Thread Pooling

Version: 0.1.0 Date: October 08, 2025 SPDX-License-Identifier: BSD-3-Clause License File: See the LICENSE file in the project root. Copyright: © 2025 Michael Gardner, A Bit of Help, Inc. Authors: Michael Gardner Status: Draft

This chapter explores the pipeline's thread pool architecture, configuration strategies, and tuning guidelines for optimal performance across different workload types.

Overview

The pipeline employs a dual thread pool architecture that separates async I/O operations from sync CPU-bound computations:

  • Tokio Runtime: Handles async I/O operations (file reads/writes, database queries, network)
  • Rayon Thread Pools: Handles parallel CPU-bound operations (compression, encryption, hashing)
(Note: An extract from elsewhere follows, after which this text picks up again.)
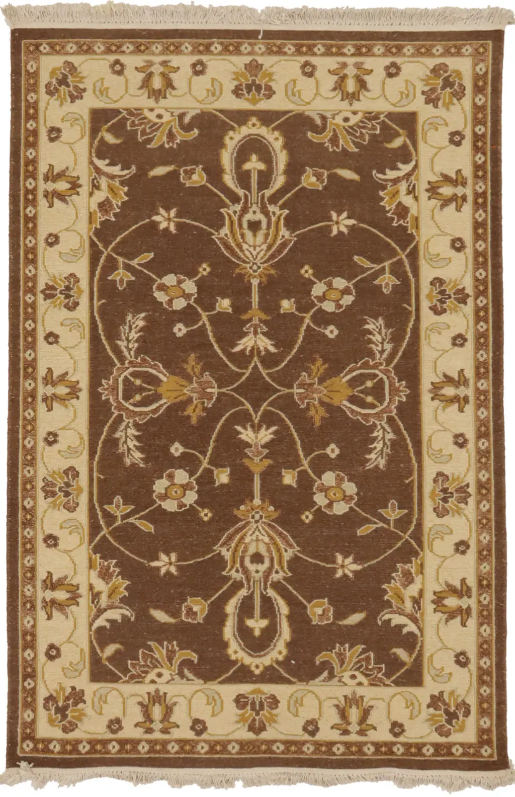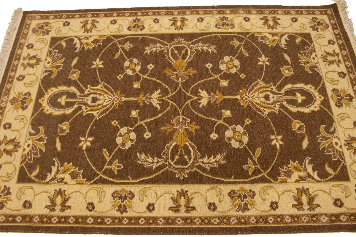 Handmade 4X6 brown Oriental rug made with natural dyes (fine wool pile and cotton foundation), superior knot count, and appealing ancient designs. This Oriental rug never will go out of style and would be among your most valuable treasures.

This separation prevents CPU-intensive work from blocking async tasks and ensures optimal resource utilization.

Thread Pool Architecture

Dual Pool Design

┌─────────────────────────────────────────────────────────────┐
│                    Async Layer (Tokio)                      │
│  ┌──────────────────────────────────────────────────────┐   │
│  │  Multi-threaded Tokio Runtime                        │   │
│  │  - Work-stealing scheduler                           │   │
│  │  - Async I/O operations                              │   │
│  │  - Task coordination                                 │   │
│  │  - Event loop management                             │   │
│  └──────────────────────────────────────────────────────┘   │
└─────────────────────────────────────────────────────────────┘
                                │
                                │ spawn_blocking()
                                ▼
┌─────────────────────────────────────────────────────────────┐
│                  Sync Layer (Rayon Pools)                   │
│  ┌──────────────────────────────────────────────────────┐   │
│  │  CPU-Bound Pool (rayon-cpu-{N})                      │   │
│  │  - Compression operations                            │   │
│  │  - Encryption/decryption                             │   │
│  │  - Checksum calculation                              │   │
│  │  - Complex transformations                           │   │
│  └──────────────────────────────────────────────────────┘   │
│  ┌──────────────────────────────────────────────────────┐   │
│  │  Mixed Workload Pool (rayon-mixed-{N})               │   │
│  │  - File processing with transformations              │   │
│  │  - Database operations with calculations             │   │
│  │  - Network operations with data processing           │   │
│  └──────────────────────────────────────────────────────┘   │
└─────────────────────────────────────────────────────────────┘

Thread Naming Convention

All worker threads are named for debugging and profiling:

  • Tokio threads: Default Tokio naming (tokio-runtime-worker-{N})
  • Rayon CPU pool: rayon-cpu-{N} where N is the thread index
  • Rayon mixed pool: rayon-mixed-{N} where N is the thread index

This naming convention enables:

  • Easy identification in profilers (e.g., perf, flamegraph)
  • Clear thread attribution in stack traces
  • Simplified debugging of concurrency issues

Tokio Runtime Configuration

Default Configuration

The pipeline uses Tokio's default multi-threaded runtime:

#[tokio::main]
async fn main() -> Result<()> {
    // Tokio runtime initialized with default settings
    run_pipeline().await
}

Default Tokio Settings:

  • Worker threads: Equal to number of CPU cores (via std::thread::available_parallelism())
  • Thread stack size: 2 MiB per thread
  • Work-stealing: Enabled (automatic task balancing)
  • I/O driver: Enabled (async file I/O, network)
  • Time driver: Enabled (async timers, delays)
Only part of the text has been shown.